Se decide el incidente de desacato formulado por Olga Parada de Arenas contra la Sala Civil – Familia del Tribunal Superior del Distrito Judicial de Bucaramanga.
I. ANTECEDENTES
A. Los fundamentos del incidente
1. La Compañía de Gerenciamiento de Activos presentó una demanda ejecutiva contra Carlos José Arenas Guerrero y Olga Parada de Arenas, en la que pidió el pago de 290.034,4674 UVR más los correspondientes intereses moratorios, incorporados en el pagaré que aportó.

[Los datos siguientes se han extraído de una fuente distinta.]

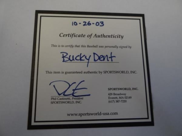 Item # 242 -- Bucky Dent Signed Autographed MLB Baseball. Certificate of Authenticity Phil Castinetti's Sportsworld
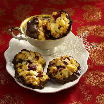 Bring butter, cream, sugar and syrup to the boil in a saucepan while stirring. Chop cranberries and macadamia. Add the flaked almonds, macadamia and cranberries to the fat-sugar mixture and simmer over a low heat for about 2 minutes, stirring occasionally. Stir in flour. Let rest for about 15 minutes. Line two baking trays with baking paper.
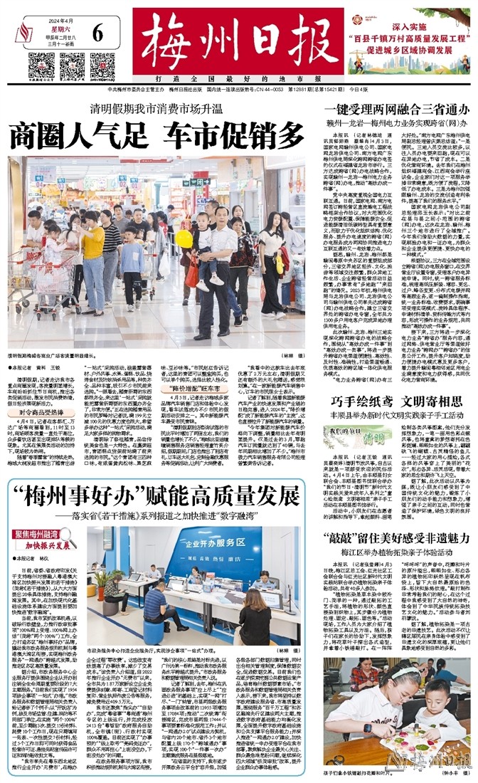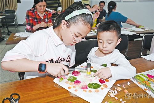 本报讯 (记者张莹娜)4月3日晚,梅江区总工会、红光社区工会联合会与红光社区新时代文明实践站联合举办植物拓染亲子体验活动,共有40多人参加。
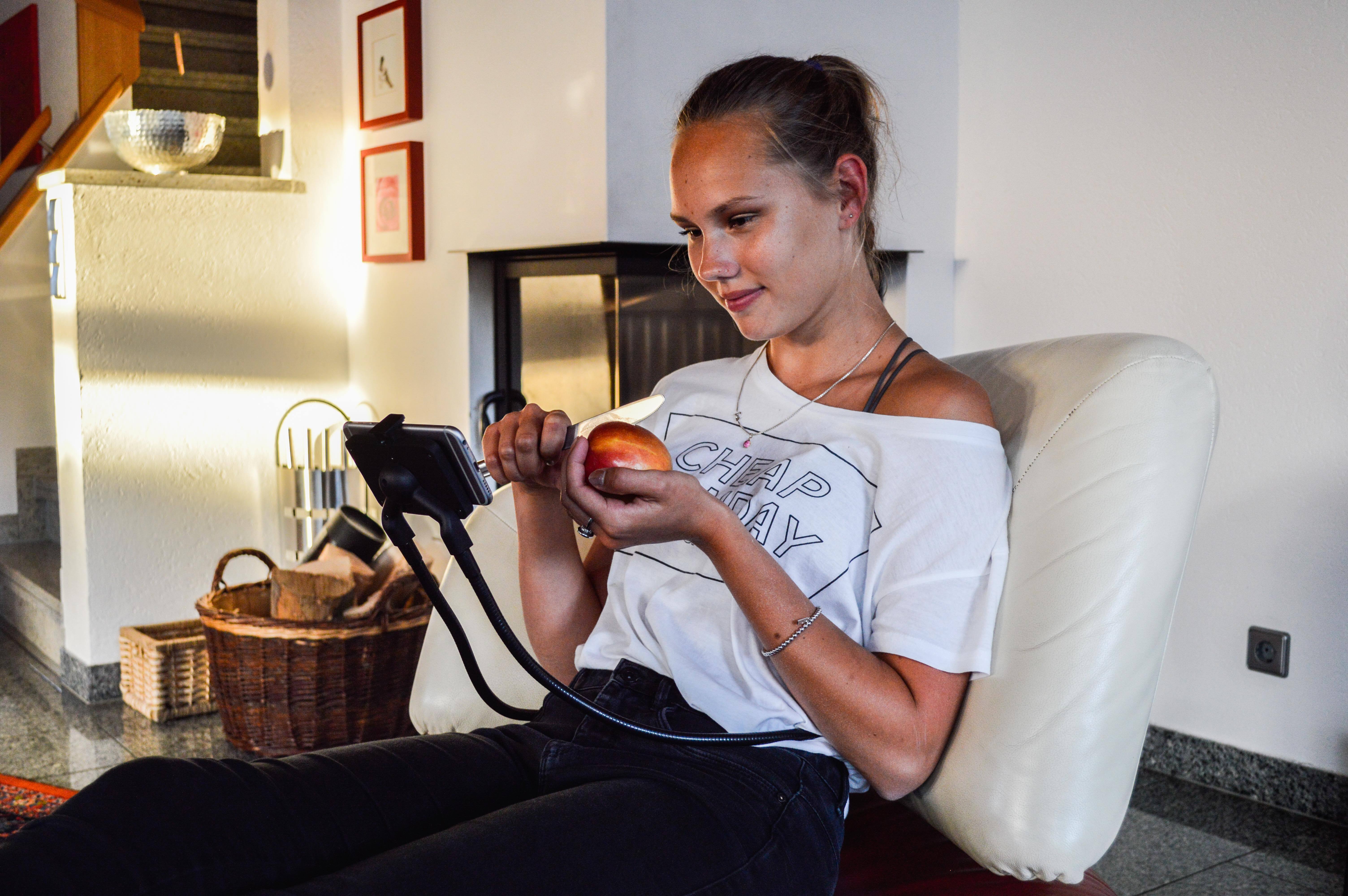 FLEXD-SMARTを使えばソファーやベッドで、ハンズフリーでスマホを使用できます。
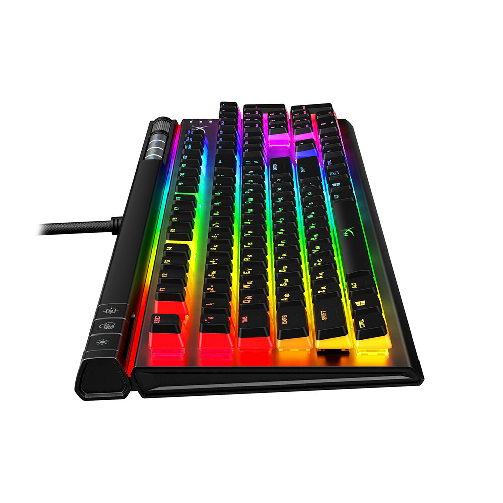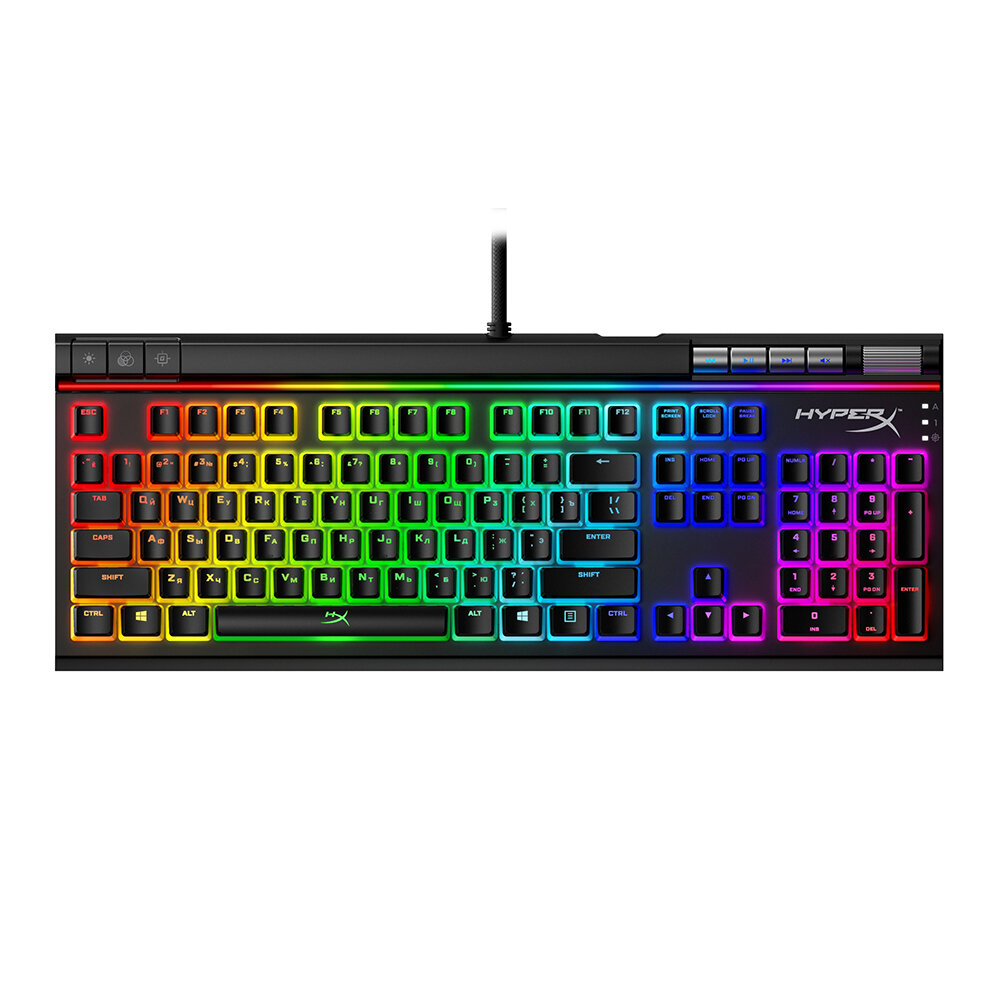 Клавиатура HyperX Alloy Elite 2 Red Switch отлично подходит для тех, кому нужно удобное и точное управление, — геймерам, стримерам и всем, кто выполняет несколько задач одновременно. Эта полнофункциональная игровая клавиатура с выделенными мультимедийными клавишами и большим колесиком регулировки громкости готова к любой задаче: от редактирования видео до просмотра фильмов. Она оснащена сверхнадежными механическими переключателями HyperX, сбалансированными по скорости и быстродействию, которые обеспечивают точность нажатия клавиш. Открытые светодиоды переключателей в сочетании с полупрозрачными двухкомпонентными клавишными колпачками HyperX придают RGB-подсветке дополнительную яркость по сравнению с однотонными колпачками.
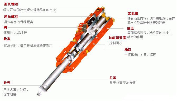 工作原理:在液压油的压力作用下,液压冲击器的活塞在其缸体内做高频率的往复直线运动,撞击钎尾,钎尾带动钎头和钎杆运动,从而开凿岩石。
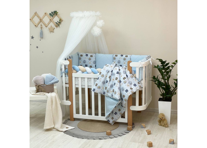 Комплект можно использовать для прямоугольных и овальных кроваток.
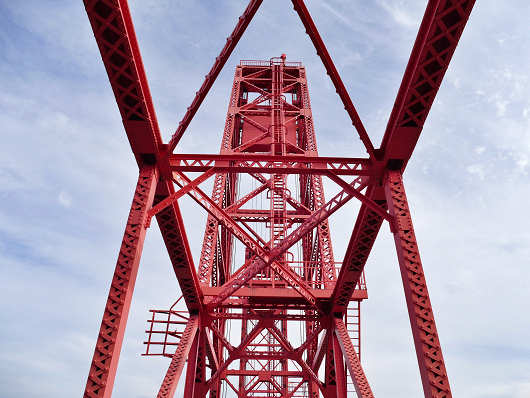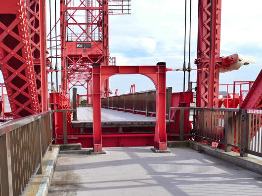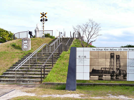 階段の上には鉄道の信号機のようなものが立っていましたが、築後川昇開橋は旧国鉄時代の佐賀線が筑後川を渡るために架けられた鉄道橋だったんですよね。
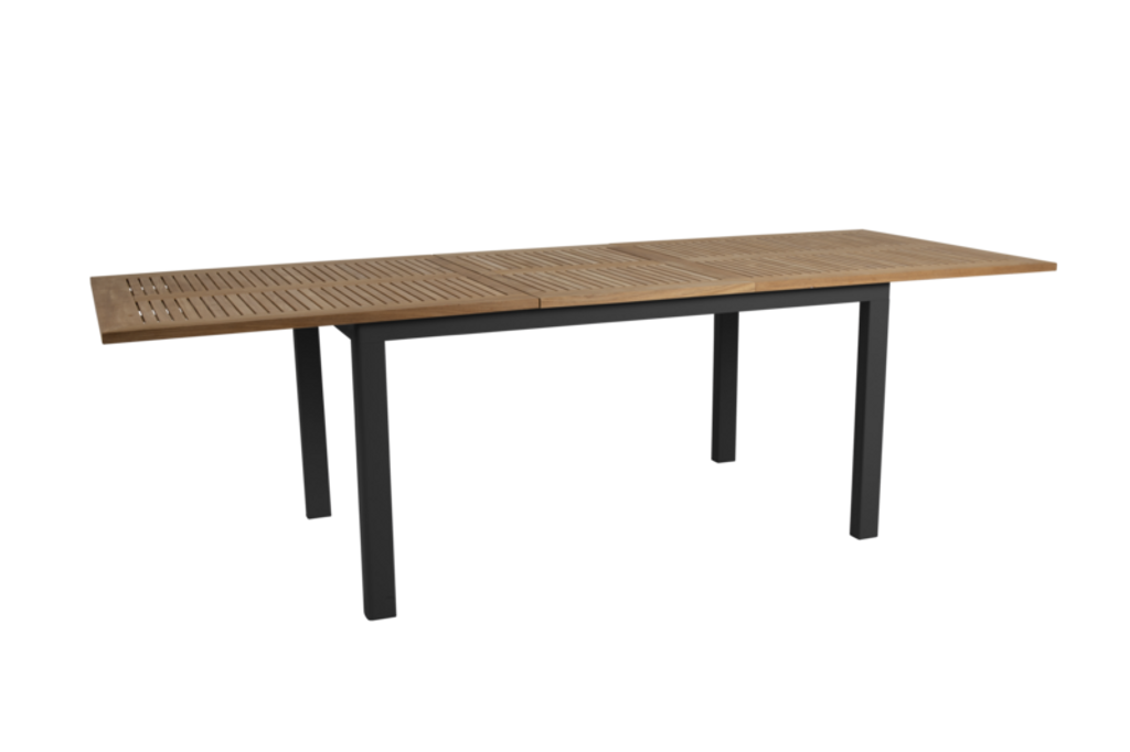 Stilrent matbord med förlängningsbar butterflyskiva i lackerad aluminium och teak. Perfekt för både mindre och större sällskap.

Tal obligación se pactó, inicialmente, en UPAC, y fue materia de un proceso ejecutivo que terminó por aplicación de la Ley 546 de 1999.
2. El Juzgado Sexto Civil del Circuito de Bucaramanga profirió mandamiento de pago el 25 de noviembre de 2010.
3. Los demandados comparecieron al proceso y formularon la excepción de «prescripción».
4. Luego de agotado el trámite correspondiente, el juez, el 14 de enero de 2013, declaró no probada la citada defensa.
5. Los demandados apelaron esa decisión y el Tribunal Superior de Bucaramanga, el 21 de agosto de 2013, la confirmó íntegramente.
6. Estando el proceso en la etapa de la liquidación del crédito y avalúo del inmueble cautelado, y habiéndose cedido la obligación a María del Pilar Arrieta, la parte demandada formuló un incidente de nulidad y alegó que en el proceso se omitió dar cumplimiento a la sentencia SU-813 de 2007, de la Corte Constitucional, lo anterior porque la ejecutante no hizo la reestructuración del crédito.
7. El Juzgado Segundo de Ejecución Civil del Circuito de Descongestión de Bucaramanga, el 16 de septiembre de 2014, resolvió dejar sin valor ni efecto todo lo actuado y negar el mandamiento de pago. Para lo anterior, consideró que el título ejecutivo no era exigible «ante la ausencia de reestructuración del crédito de los demandados».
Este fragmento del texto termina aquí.